[I've been a "fly on the wall" for this thread] -- HEY!!! WHERE'S MY CAN OF RAID???
[Some will argue that the package should be the final step. I think it should be the FIRST] -- With me being an "Electronics Packaging Designer", I couldn't agree with you more!!! However, I also do consider the circuit operation and/or performance to be an extremely close "second".
I am able to take -- most -- any electronic circuit (except vacuum-tubes) and "package" it in at least 6 different ways, each using a different type or level of technology *. And, that is just from a "physical" perspective. When I worked in an R&D laboratory at the NASA/Goddard Space Flight Center, there was this "lab sub-group" of people who could take these incredibly complex and dense 12-layer PCB's and reduce them down to a set of mathematical equations!!! From there, software code would be developed to mimic those equations and then uploaded into a custom ASIC. This group would repeat this process on several equally complex PCB's that we had designed.
Then, the group I was in would design a new 12-layer PCB using 8 or so of these custom ASIC's. After we had designed around 6 new PCB's using all of these new ASIC's, this "R&D sub-group" would then take -- THOSE -- PCB's and reduce THEM down mathematically to another custom ASIC!!! This process was repeated over and over until those geeks couldn't mathematically reduce them down any further. And, having talked and worked with some of these people.....they were "really out-there and also pretty strange" to be around!!!
Then end result of all of this??? ..... Our R&D laboratory reduced what took five 6-foot racks of electronics to do down to a single VME-rack that was only 2-1/2 feet high!!! The 5 racks of electronics had cost $500,000 to build and the new 2-1/2 foot VME-rack had "only" cost $50,000!!! And, this VME-rack was used to receive and process the signals from both The HUBBLE Space Telescope and all of the Space Shuttle missions during the 1990's and early 2000's. So.....if you have ever seen any photos from The HUBBLE Space Telescope.....I was a part of those photos.
* Although we commonly call PCB's "Printed Circuit Boards", they're not really -- printed -- per se'. The circuit image is more of a photographic image than being printed like a book or newspaper. However, there is a type of PCB where the circuit tracks are actually "printed" onto a laminate using special conductive inks.
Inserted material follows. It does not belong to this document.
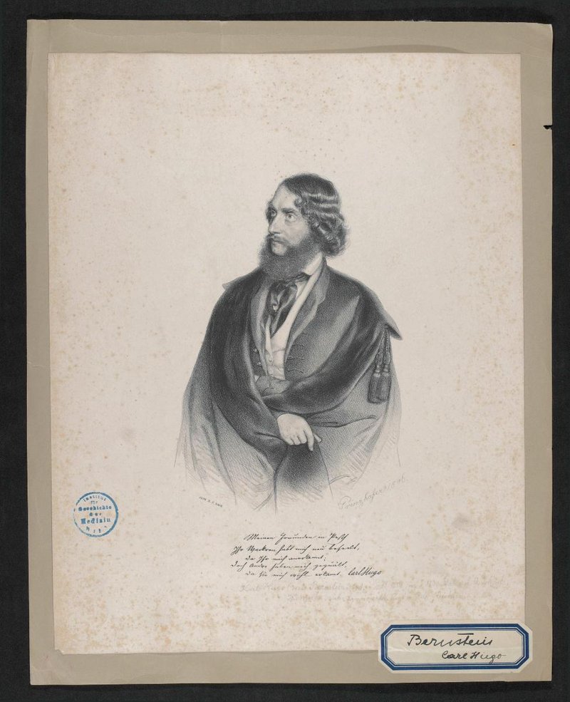 Die Lithografie wurde von August Prinzhofer angefertigt und von Johann Rauh gedruckt. Vorderseitig mit einem Stempel des Instituts für Geschichte der Medizin, Wien, versehen.

And, with how these inks are printed onto a laminate, resistor values can be "printed" between 2 connection points of the routing. So, by using this type of technology in the creation of a PCB, a circuit can literally do away with using any actual physical resistors. This type of technology then allows placing "resistors" within the inner-layers of a PCB, which then allows for the physical PCB to be much smaller. In certain "RF" environments, I have "created" capacitors by overlapping "Copper-Pours" on different layers of the PCB, so both the amount of "copper overlap" and the distance between the layers determined the amount of capacitance!!! REALLY WEIRD STUFF!!